***** MATERIALS PROVIDED *****

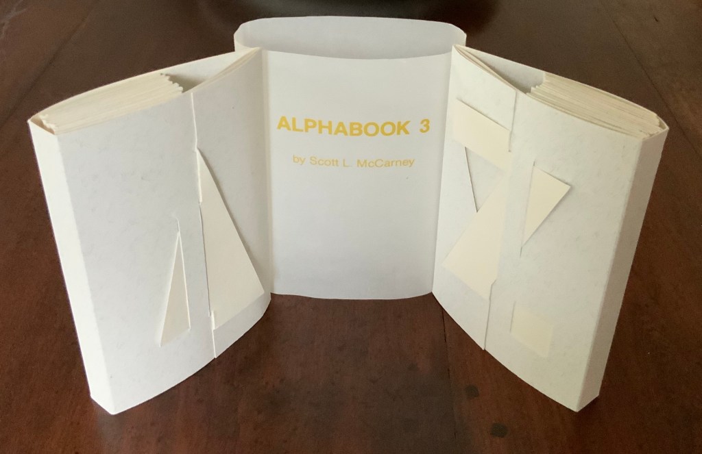 The codex form receives McCarney’s playfulness in Alphabook 10. The artist writes:
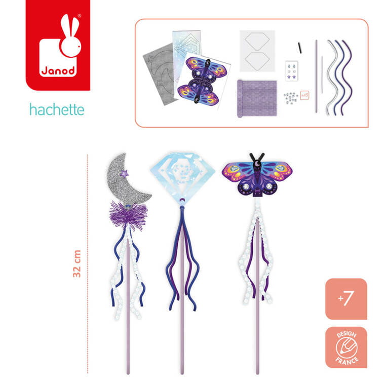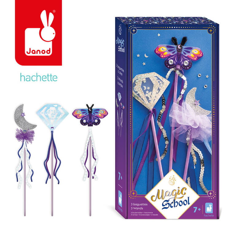 Zestaw kreatywny Szkoła magii – Janod to wyjątkowa propozycja dla dzieci od 7. roku życia, które kochają rękodzieło i zabawy w stylu fantasy. Umożliwia własnoręczne stworzenie 3 magicznych różdżek z dołączonych elementów: patyczków, koralików, wstążek, samoprzylepnych arkuszy z motywami (np. księżyc, motyl, diament) i innych dodatków.
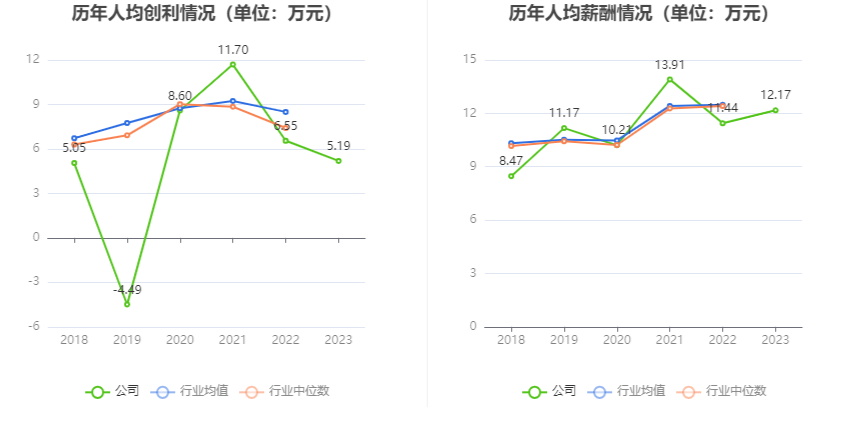 截至2023年末,公司员工总数为3203人,人均创收73.91万元,人均创利5.19万元,人均薪酬12.17万元,较上年同期分别变化-5.64%、-20.71%、6.39%。
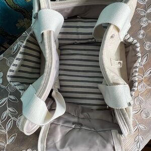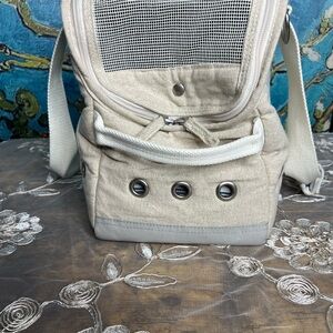 Small pet carrier by Pet Paradise. Stripped, linen with removable cushion.
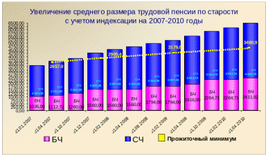 На 2007-2009 годы Правительством Российской Федерации рассматривается возможность доведения базовой части трудовой пенсии до прожиточного минимума, что приведет к существенному увеличению пенсионных выплат. Приводим динамику роста трудовых пенсий на 2007-2010 годы.
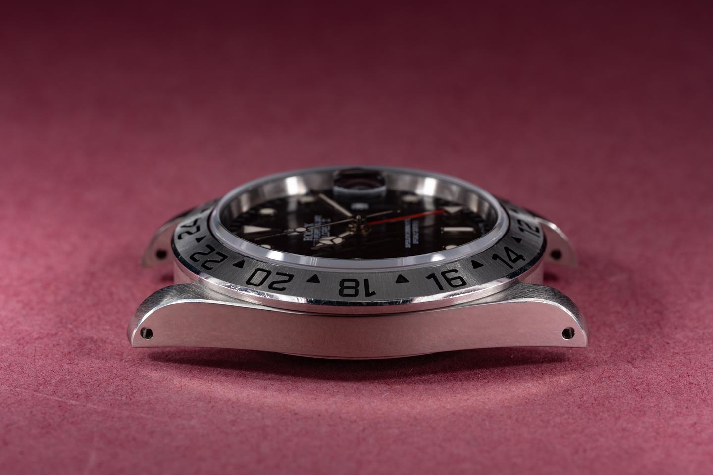 Case: The thick and even case has recently been polished showing sharp prominent bevels and only very light wear from use. The stainless bezel is also in excellent condition showing only very light wear from use.
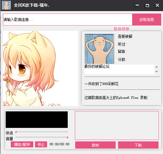 其实大家都非常喜欢全民k歌平台里面的歌曲。可惜总是无法正常下载。但现在有了骚年全民k歌下载歌曲工具,就能够直接解析出歌曲的真实地址,从而让你们可以有效的进行下载!
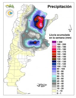 También se destacan los acumulados en Pehuajo (155mm), Trenque Lauquén (128mm), 9 de Julio (125mm) en Buenos Aires y Gral Pico (119mm) y Santa Rosa (100mm) en La Pampa.
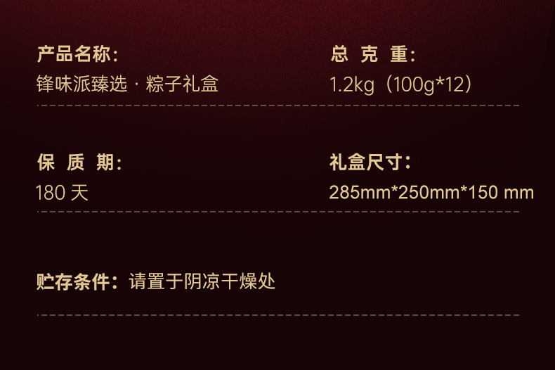 锋味派 臻选粽子礼盒(12粒装)- 1200g【端午】SKT

*****

◆ TASK DIRECTIONS
Every line from the top of the records above to the line with "其实大家都非常喜欢全民k歌平", inclusive, should be duplicated exactly, minus the pictures.

◆ COMPLETED EXERCISE
 The codex form receives McCarney’s playfulness in Alphabook 10. The artist writes:
 Zestaw kreatywny Szkoła magii – Janod to wyjątkowa propozycja dla dzieci od 7. roku życia, które kochają rękodzieło i zabawy w stylu fantasy. Umożliwia własnoręczne stworzenie 3 magicznych różdżek z dołączonych elementów: patyczków, koralików, wstążek, samoprzylepnych arkuszy z motywami (np. księżyc, motyl, diament) i innych dodatków.
 截至2023年末,公司员工总数为3203人,人均创收73.91万元,人均创利5.19万元,人均薪酬12.17万元,较上年同期分别变化-5.64%、-20.71%、6.39%。
 Small pet carrier by Pet Paradise. Stripped, linen with removable cushion.
 На 2007-2009 годы Правительством Российской Федерации рассматривается возможность доведения базовой части трудовой пенсии до прожиточного минимума, что приведет к существенному увеличению пенсионных выплат. Приводим динамику роста трудовых пенсий на 2007-2010 годы.
 Case: The thick and even case has recently been polished showing sharp prominent bevels and only very light wear from use. The stainless bezel is also in excellent condition showing only very light wear from use.
 其实大家都非常喜欢全民k歌平台里面的歌曲。可惜总是无法正常下载。但现在有了骚年全民k歌下载歌曲工具,就能够直接解析出歌曲的真实地址,从而让你们可以有效的进行下载!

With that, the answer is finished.